Однажды ночью, когда Михал, возвращаясь от учителя, приложил ухо к траве на выгоне, земля вздрогнула и издала звук, похожий на вздох уставшей коровы, и это был верный знак, что фронт уже очень близко и вскоре слова учителя либо подтвердятся, либо нет. Михал немного посидел на выгоне, поглаживая рукой низкорослую траву, а потом снова припал к ней ухом, и снова земля слегка дрогнула, и снова будто послышался вздох; земля давала знать, что фронт приближается и что слова учителя либо будут подтверждены, либо нет.
Фронт быстро прошел через деревню, и теперь орудийная канонада доносилась уже с запада, и учитель сказал, что можно делить помещичью землю; а потом по деревне разнеслась весть, что помещик преклонил колени перед нищим из приходской богадельни, и все этому подивились, а многие жалели помещика, семья которого успела бежать, а сам он не успел.

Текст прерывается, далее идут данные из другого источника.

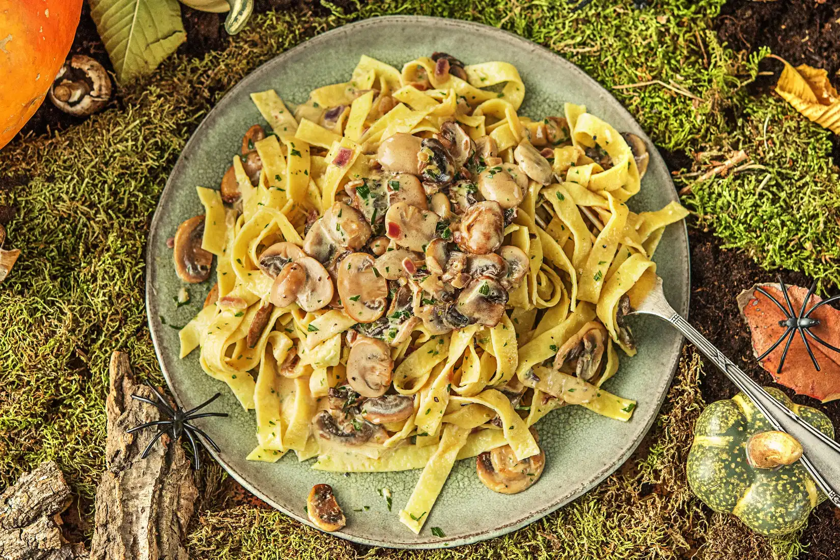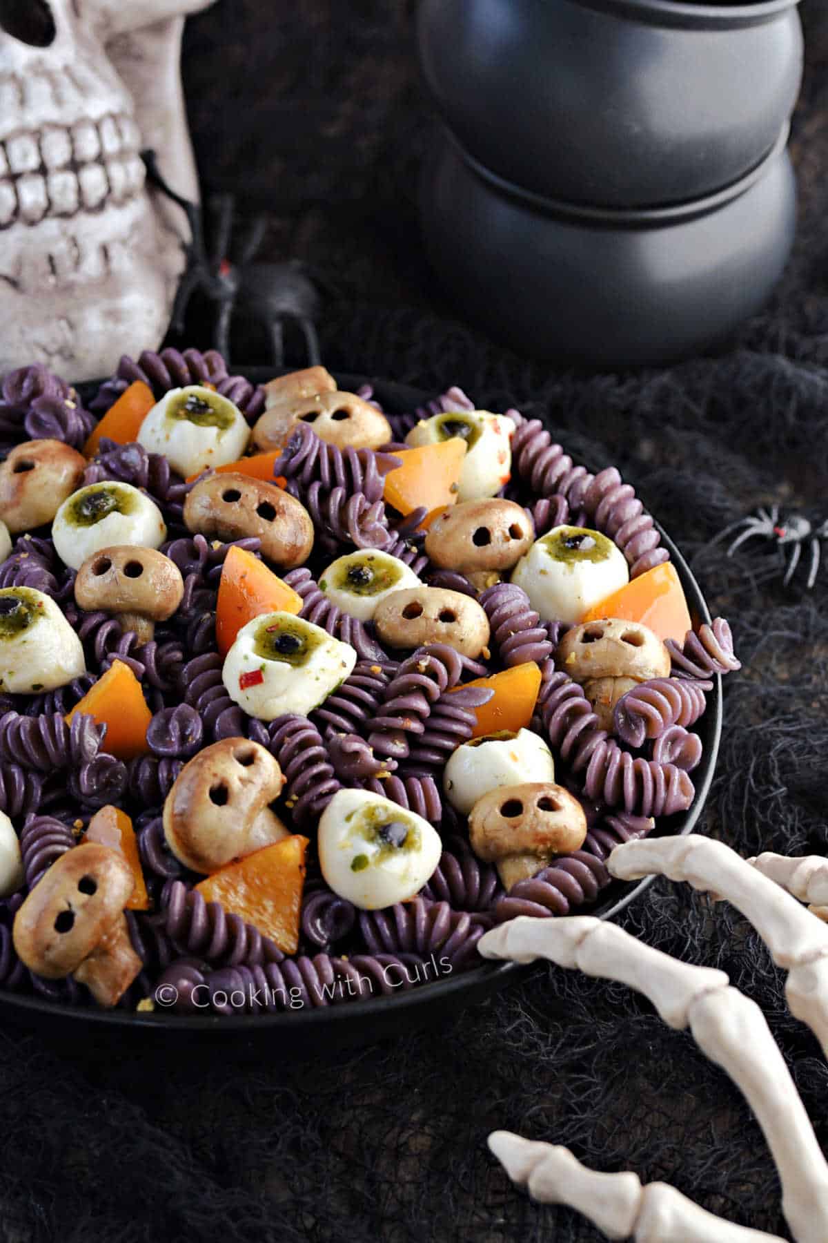 Creepy Crawly Pasta with Black Olives and Nose Mushroom

Сначала к железным воротам обширного парка, в котором стоял барский дом, подошло четверо или пятеро батраков. Долго стояли они у ворот в молчании, потому что не знали, что сказать, да и о чем было вести разговоры, рассуждать — следовало просто толкнуть приоткрытую решетчатую створку и войти. Следовало произвести эту несложную манипуляцию, которая была под силу даже порыву ветра — если бы тогда дул ветер, — потому что ворота были приоткрыты, а стершееся и смазанное колесико у нижнего края створки свободно передвигалось по выгнутой полоске железа; и если ворота не были заперты на ключ, даже ветер мог их отворить.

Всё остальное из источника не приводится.